CALGARY, ALBERTA–(Marketwired – April 5, 2017) – Mr. Kevin Nephin, President and CEO of Kestrel Gold Inc. (the “Corporation” or “Kestrel“) (TSX VENTURE:KGC) is pleased to announce that the Corporation has closed its non-brokered private placement (the “Private Placement”) of 16,666,666 units of the Corporation (the “Units”) at a price of $0.03 per Unit, for gross proceeds of $500,000. Each unit consists of one common share (“Common Share”) and one common share purchase warrant (“Warrant”), each Warrant entitling the holder to purchase one common share of the Corporation (the “Warrant Share”) at a price of $0.05 per Warrant Share, at any time until April 3, 2020. The Common Shares and Warrants are subject to a statutory four month hold period, which expires August 5, 2017. Finder’s fees were paid in cash in the amount of 10% of the gross proceeds in relation to some of the Units sold in the Private Placement.
In that three directors of the Corporation participated in the private placement, the private placement is a “related party transaction” within the meaning of TSX Venture Exchange Policy 5.9 which has adopted Multilateral Instrument 61-101 (“MI 61-101”), which in turn requires the Corporation to obtain “minority approval” of the Corporation’s shareholders of the related party transaction unless there is an exemption from such requirement. The Corporation is relying on the exemption in Section 5.7(b) of MI 61-101 on the basis that the fair market value of the securities distributed to related parties was less than $2,500,000.
The proceeds of the private placement will be used to carry out an exploration program on the King Solomon Dome project located in the Yukon, to pay for the next six months operating costs, for legal fees and to repay loans, in the amount of $145,000 made by two of the Corporation’s directors to sustain the Corporation.

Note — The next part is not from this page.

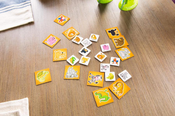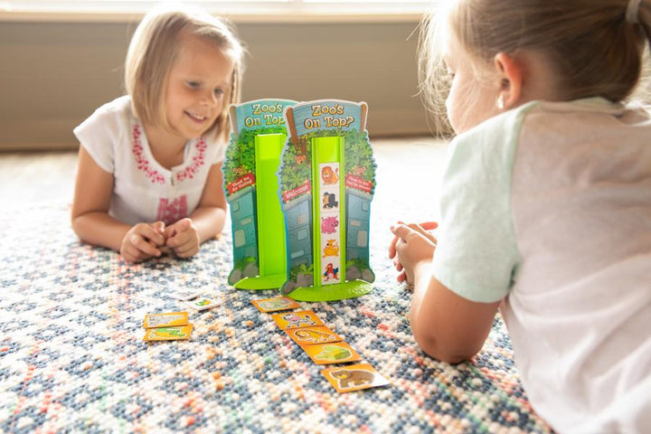 Then take a trip to the zoo! Players each choose their tiles and then secretly place their animals into their tower. On each turn, players ask a yes/no question to determine the order of the animals from top to bottom in their opponent’s tower. Crack the code and win! For 2 players. For ages 5+.

The Corporation also announces that it has granted to directors and officers, and a consultant to the Corporation, options to purchase in the aggregate 4,400,000 Common Shares at an exercise price of $0.05 per share, which options will expire on April 4, 2022.
About Kestrel Gold Inc.
Kestrel Gold Inc. is a gold exploration corporation headquartered in Canada. Kestrel’s principal property is the King Solomon Dome property, located in the Dawson Mining District, Yukon Territory, Canada.
Neither TSX Venture Exchange nor its Regulation Services Provider (as that term is defined in the policies of the TSX Venture Exchange) accepts responsibility for the adequacy or accuracy of this release.
This press release contains forward-looking information within the meaning of applicable securities laws. Such information includes, without limitation, information regarding the anticipated use of proceeds of the private placement. Although the Corporation believes that such information is reasonable, it can give no assurance that such expectations will prove to be correct. Forward-looking information is typically identified by words such as ” believe”, “expect”, anticipate”, “intend”, “estimate” and similar expressions, or are those, which, by their nature, refer to future events. The Corporation cautions investors that any forward-looking information provided by the Corporation are not guarantees of future results or performance, and that actual results may differ materially from those in forward-looking information as a result of various factors, including, but not limited to, the state of the financial markets for the Corporation’s equity securities; the state of the market for minerals that may be produced; market volatility; variations in the nature, quality and quantity of mineral deposits that may be located; the Corporation’s ability to obtain any necessary permits, consents or authorizations required for its activities; the Corporation’s ability to raise the necessary capital or to be fully able to implement its business strategies; and other risks associated with the exploration and development of mineral properties.